[Stored entries]

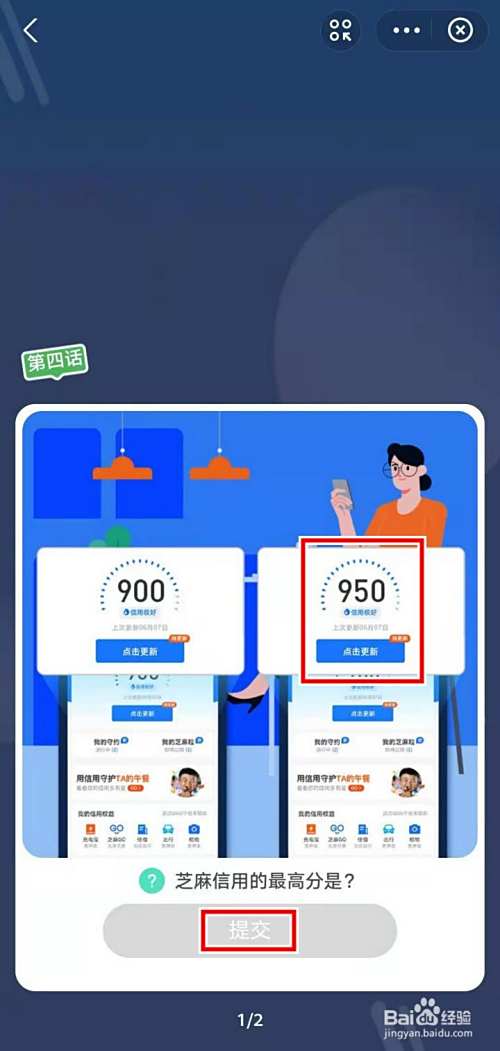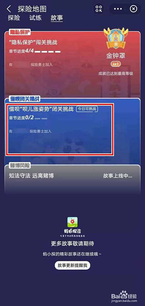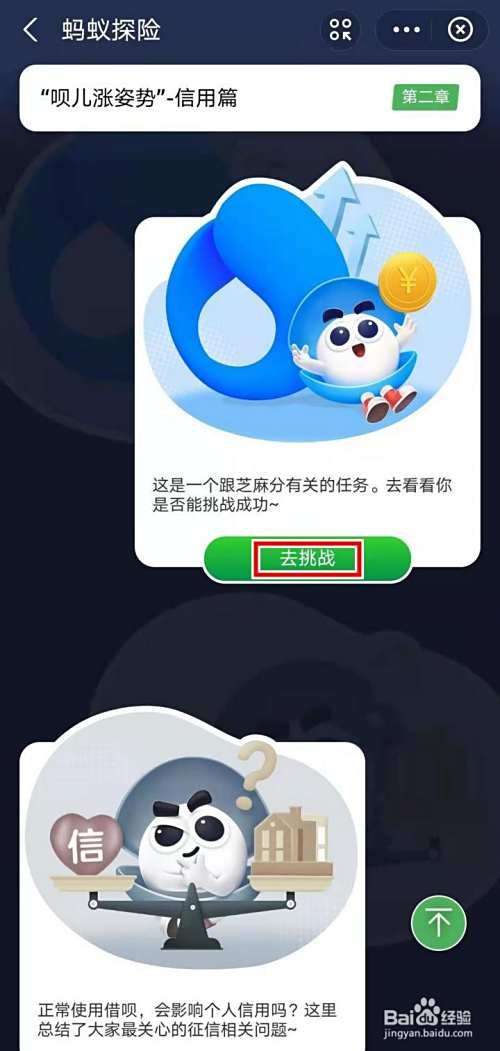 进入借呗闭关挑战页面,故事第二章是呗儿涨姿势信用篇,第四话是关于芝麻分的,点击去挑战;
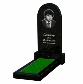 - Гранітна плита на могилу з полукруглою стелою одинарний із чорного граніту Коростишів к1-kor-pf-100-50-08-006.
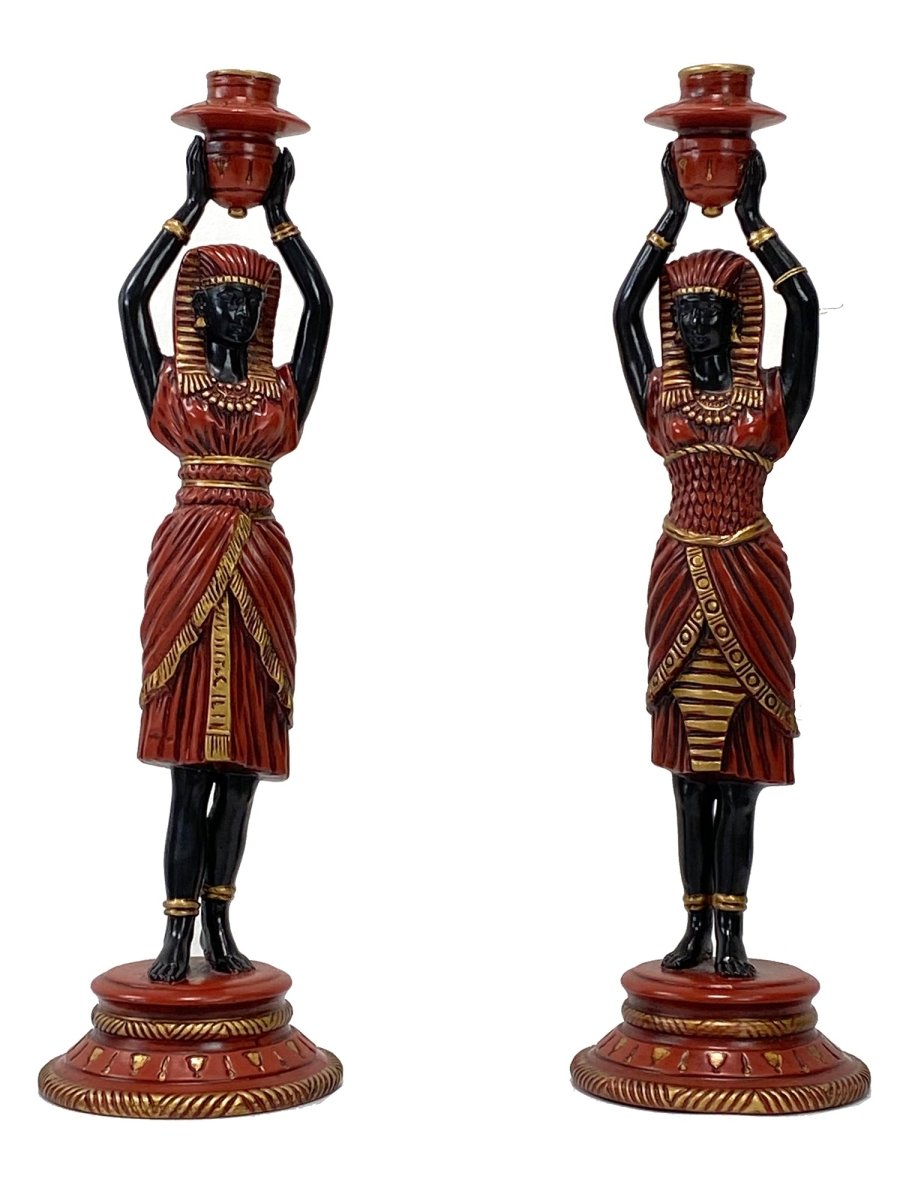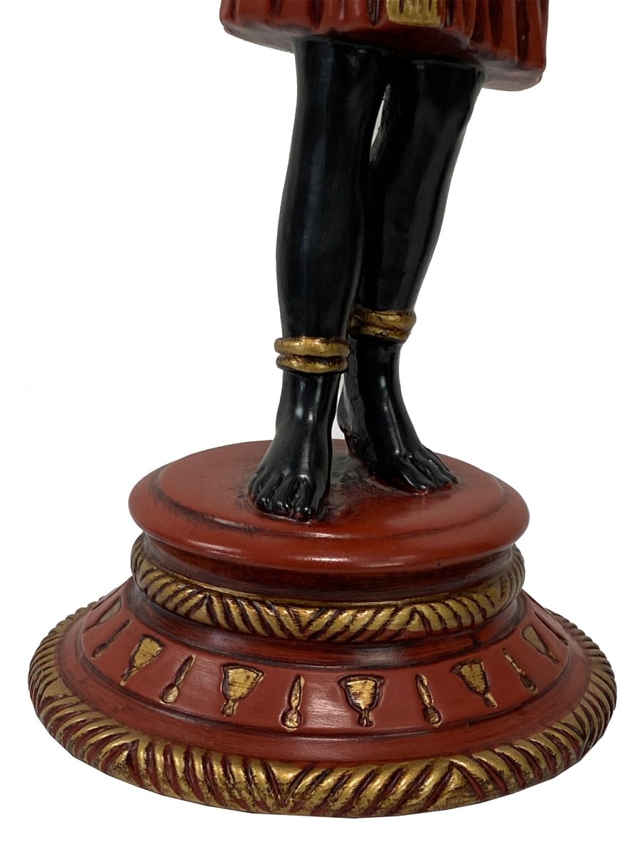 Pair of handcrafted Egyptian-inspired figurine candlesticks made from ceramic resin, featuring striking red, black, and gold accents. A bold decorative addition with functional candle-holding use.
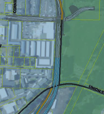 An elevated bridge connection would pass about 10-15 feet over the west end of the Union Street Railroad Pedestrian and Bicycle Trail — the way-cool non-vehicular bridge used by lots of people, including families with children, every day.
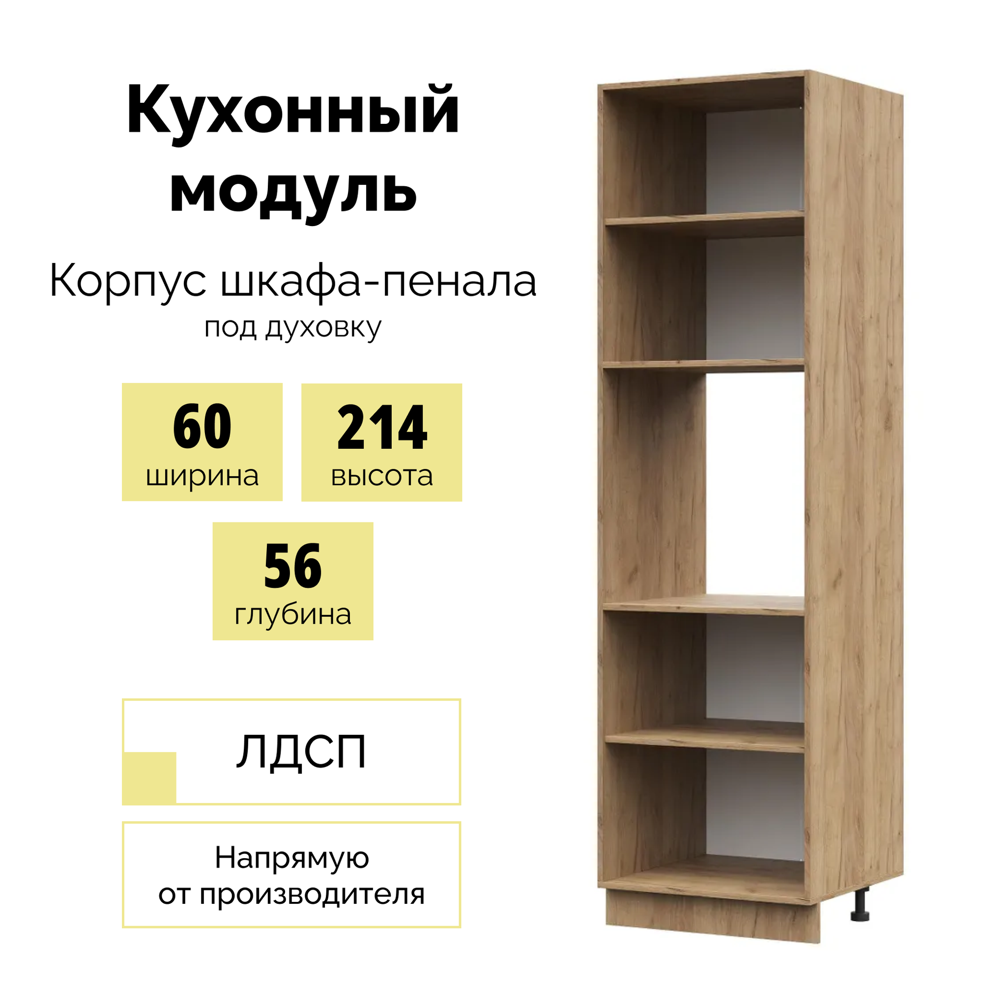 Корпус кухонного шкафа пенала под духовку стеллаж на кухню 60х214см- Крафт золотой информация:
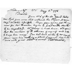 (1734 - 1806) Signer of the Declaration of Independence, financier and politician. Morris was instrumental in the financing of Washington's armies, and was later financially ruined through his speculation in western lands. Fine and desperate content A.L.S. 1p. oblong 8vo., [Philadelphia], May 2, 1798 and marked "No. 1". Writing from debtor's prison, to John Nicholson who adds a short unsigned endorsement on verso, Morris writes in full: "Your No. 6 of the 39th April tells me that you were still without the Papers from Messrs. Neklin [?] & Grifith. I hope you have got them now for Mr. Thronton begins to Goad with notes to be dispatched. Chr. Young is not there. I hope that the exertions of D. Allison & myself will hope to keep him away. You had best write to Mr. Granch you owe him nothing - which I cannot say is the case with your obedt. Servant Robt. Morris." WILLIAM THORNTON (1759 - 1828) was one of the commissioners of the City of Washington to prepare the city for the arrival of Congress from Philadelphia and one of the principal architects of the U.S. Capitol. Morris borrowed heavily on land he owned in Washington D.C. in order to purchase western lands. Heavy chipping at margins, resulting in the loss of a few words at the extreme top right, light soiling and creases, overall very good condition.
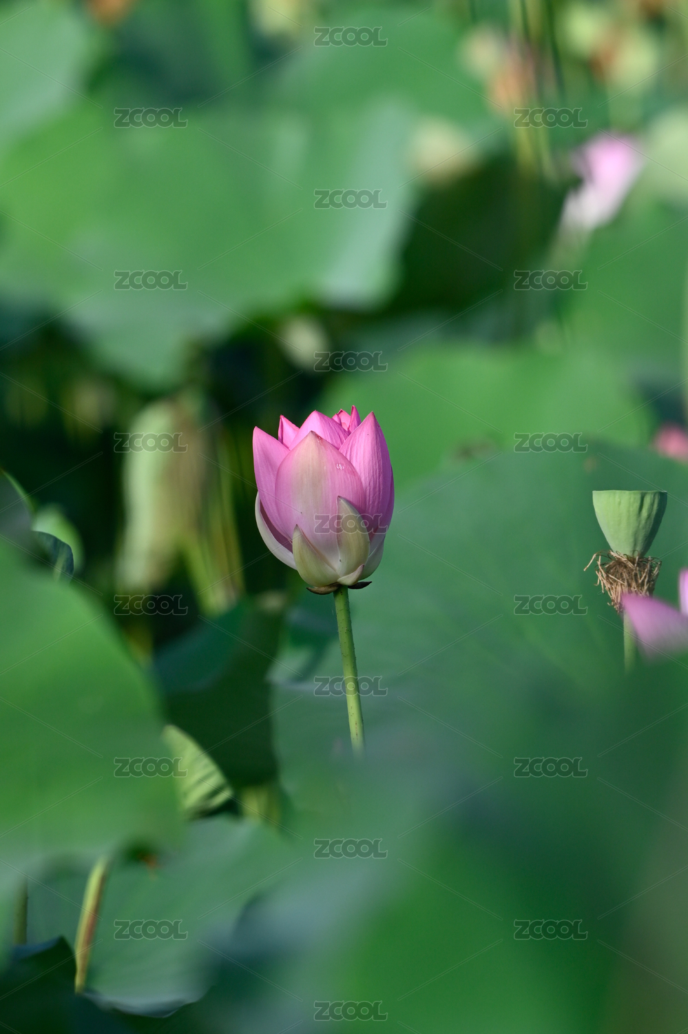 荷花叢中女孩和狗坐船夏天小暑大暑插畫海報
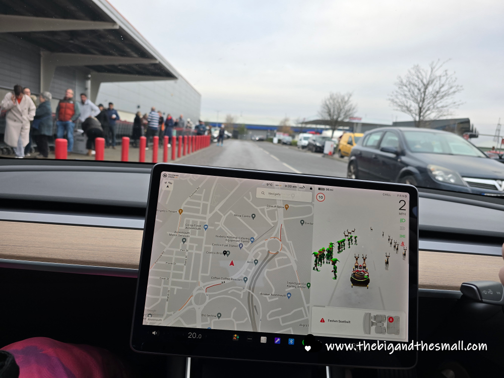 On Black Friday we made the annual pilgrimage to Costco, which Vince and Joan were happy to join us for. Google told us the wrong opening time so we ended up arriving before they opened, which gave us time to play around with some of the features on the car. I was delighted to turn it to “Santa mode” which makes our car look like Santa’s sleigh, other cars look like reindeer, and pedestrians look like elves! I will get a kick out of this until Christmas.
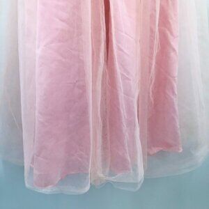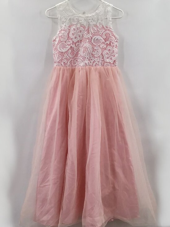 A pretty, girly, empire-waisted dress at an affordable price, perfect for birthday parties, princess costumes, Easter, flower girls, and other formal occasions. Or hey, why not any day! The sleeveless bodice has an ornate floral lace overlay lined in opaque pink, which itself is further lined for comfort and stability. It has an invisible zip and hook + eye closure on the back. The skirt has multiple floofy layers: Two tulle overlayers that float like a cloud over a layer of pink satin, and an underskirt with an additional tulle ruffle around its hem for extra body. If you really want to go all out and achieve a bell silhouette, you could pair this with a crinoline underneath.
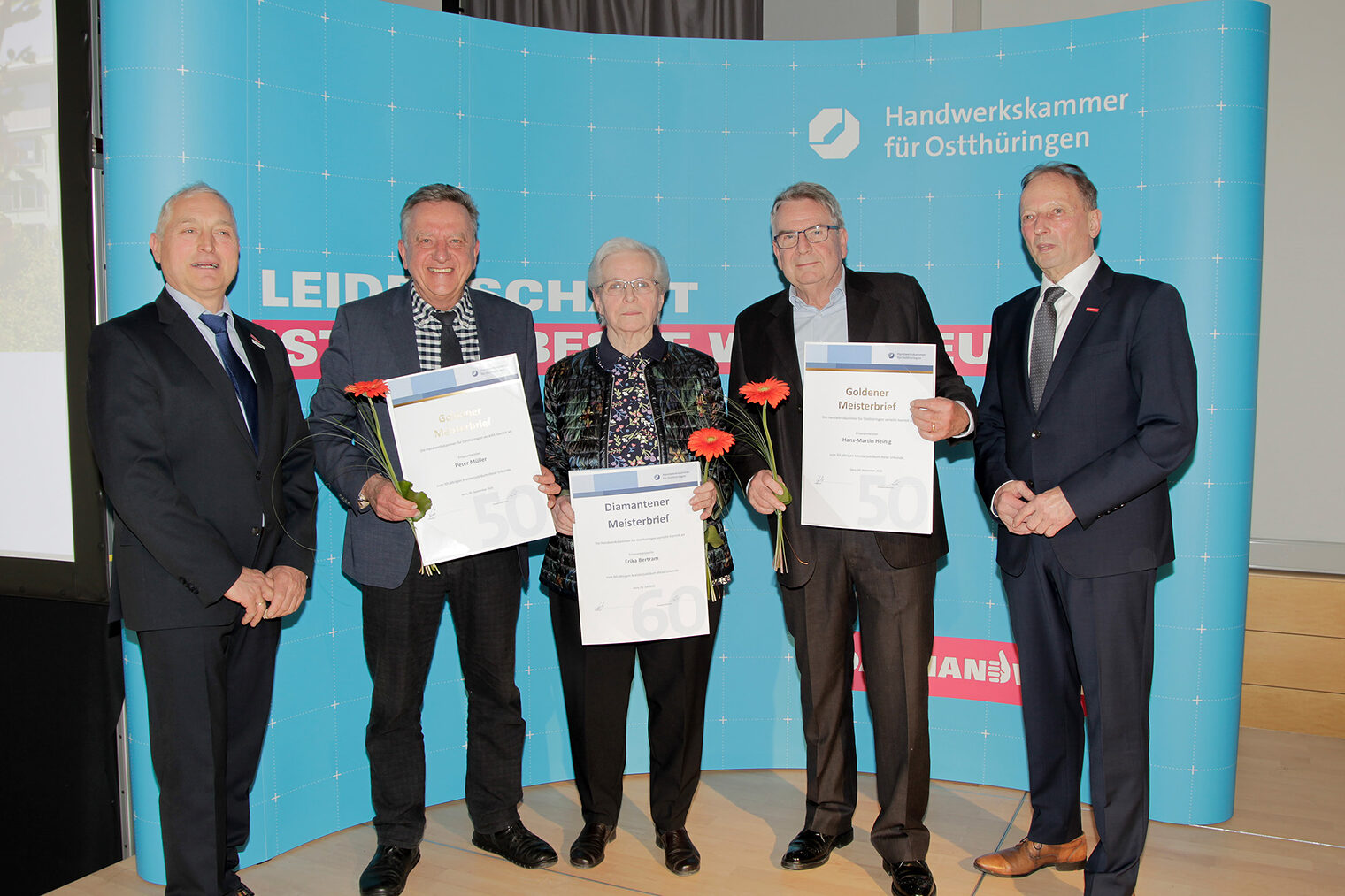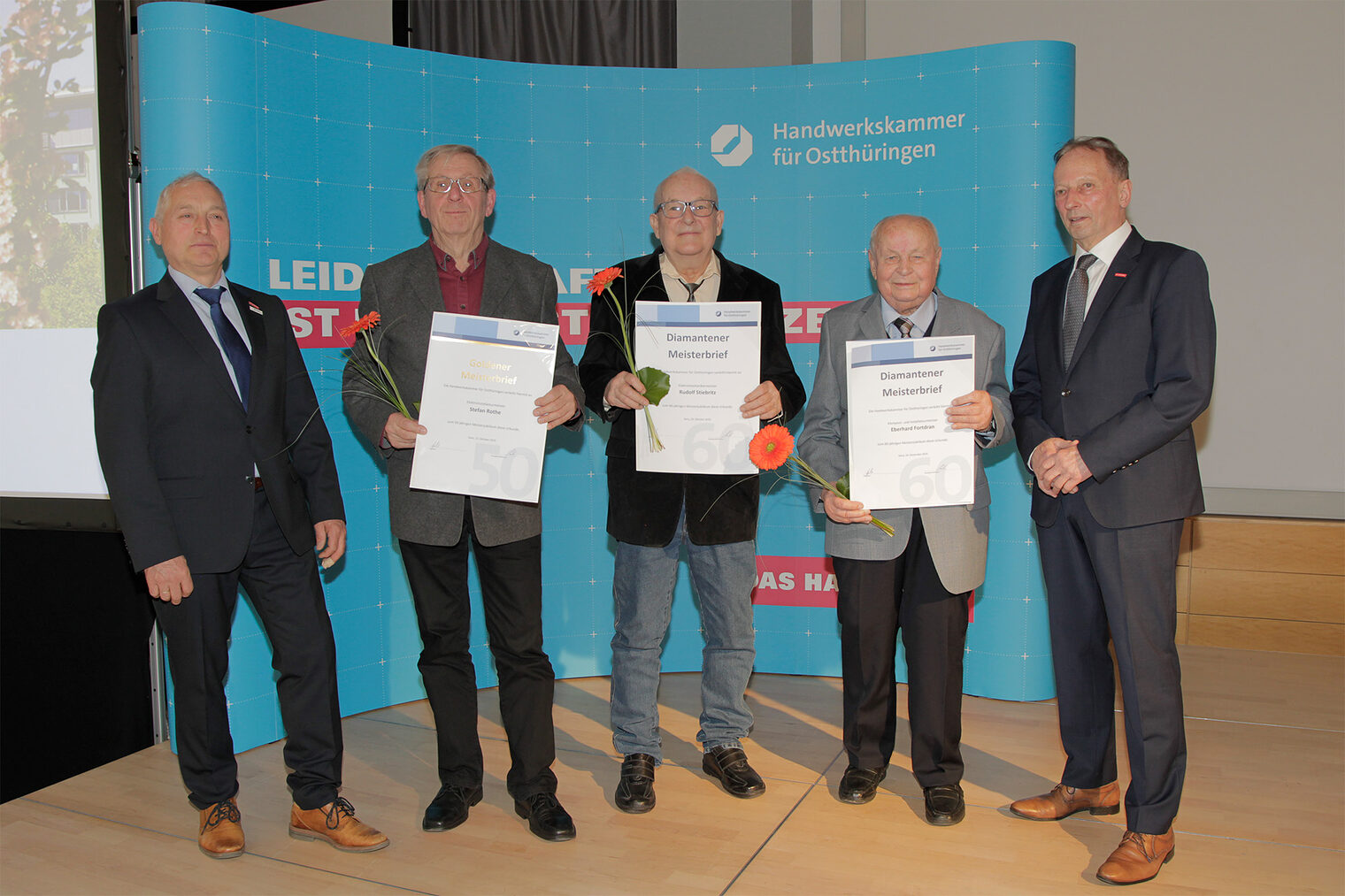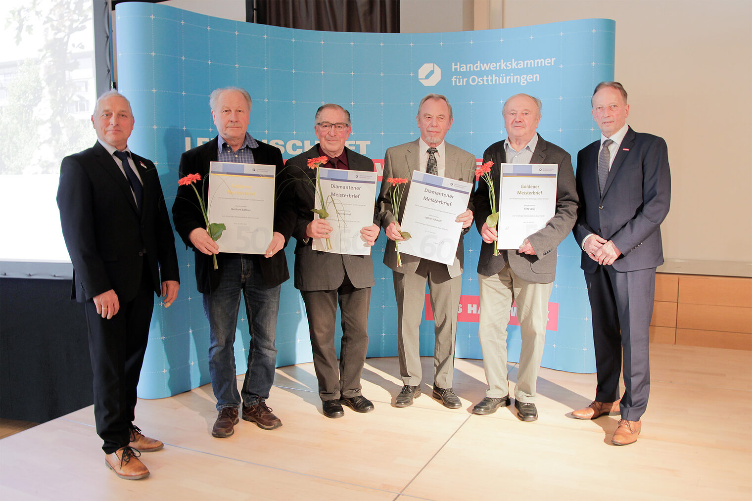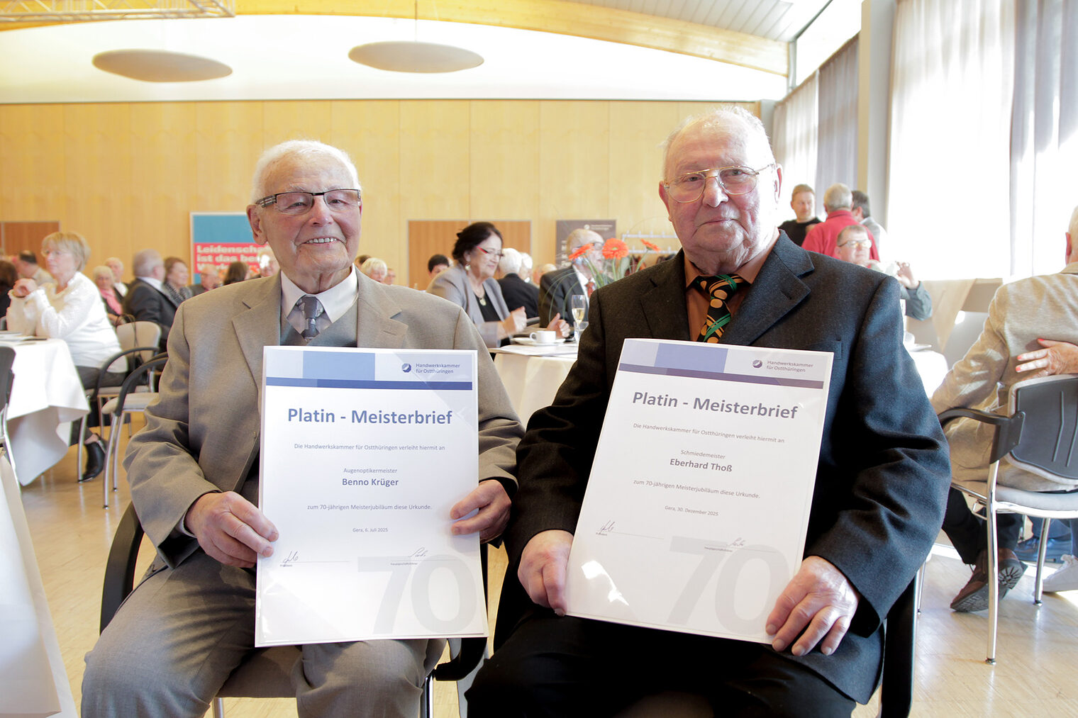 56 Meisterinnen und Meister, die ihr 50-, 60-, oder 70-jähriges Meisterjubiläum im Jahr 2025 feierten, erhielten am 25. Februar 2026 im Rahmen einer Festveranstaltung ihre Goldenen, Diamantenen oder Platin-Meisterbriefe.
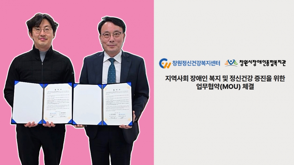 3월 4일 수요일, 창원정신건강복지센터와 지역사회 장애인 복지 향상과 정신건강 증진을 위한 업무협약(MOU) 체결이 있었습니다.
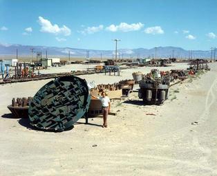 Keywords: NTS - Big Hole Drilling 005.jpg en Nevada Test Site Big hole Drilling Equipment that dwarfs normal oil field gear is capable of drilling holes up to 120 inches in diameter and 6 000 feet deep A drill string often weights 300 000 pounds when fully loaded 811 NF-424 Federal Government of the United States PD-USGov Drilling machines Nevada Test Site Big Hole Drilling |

# WORK TASK:
Please repeat, exactly and with nothing else, the lines from the one containing "56 Meisterinnen und" to the last line of the entries, both included, excluding any pictures.

# TASK ANSWER:
 56 Meisterinnen und Meister, die ihr 50-, 60-, oder 70-jähriges Meisterjubiläum im Jahr 2025 feierten, erhielten am 25. Februar 2026 im Rahmen einer Festveranstaltung ihre Goldenen, Diamantenen oder Platin-Meisterbriefe.
 3월 4일 수요일, 창원정신건강복지센터와 지역사회 장애인 복지 향상과 정신건강 증진을 위한 업무협약(MOU) 체결이 있었습니다.
 Keywords: NTS - Big Hole Drilling 005.jpg en Nevada Test Site Big hole Drilling Equipment that dwarfs normal oil field gear is capable of drilling holes up to 120 inches in diameter and 6 000 feet deep A drill string often weights 300 000 pounds when fully loaded 811 NF-424 Federal Government of the United States PD-USGov Drilling machines Nevada Test Site Big Hole Drilling |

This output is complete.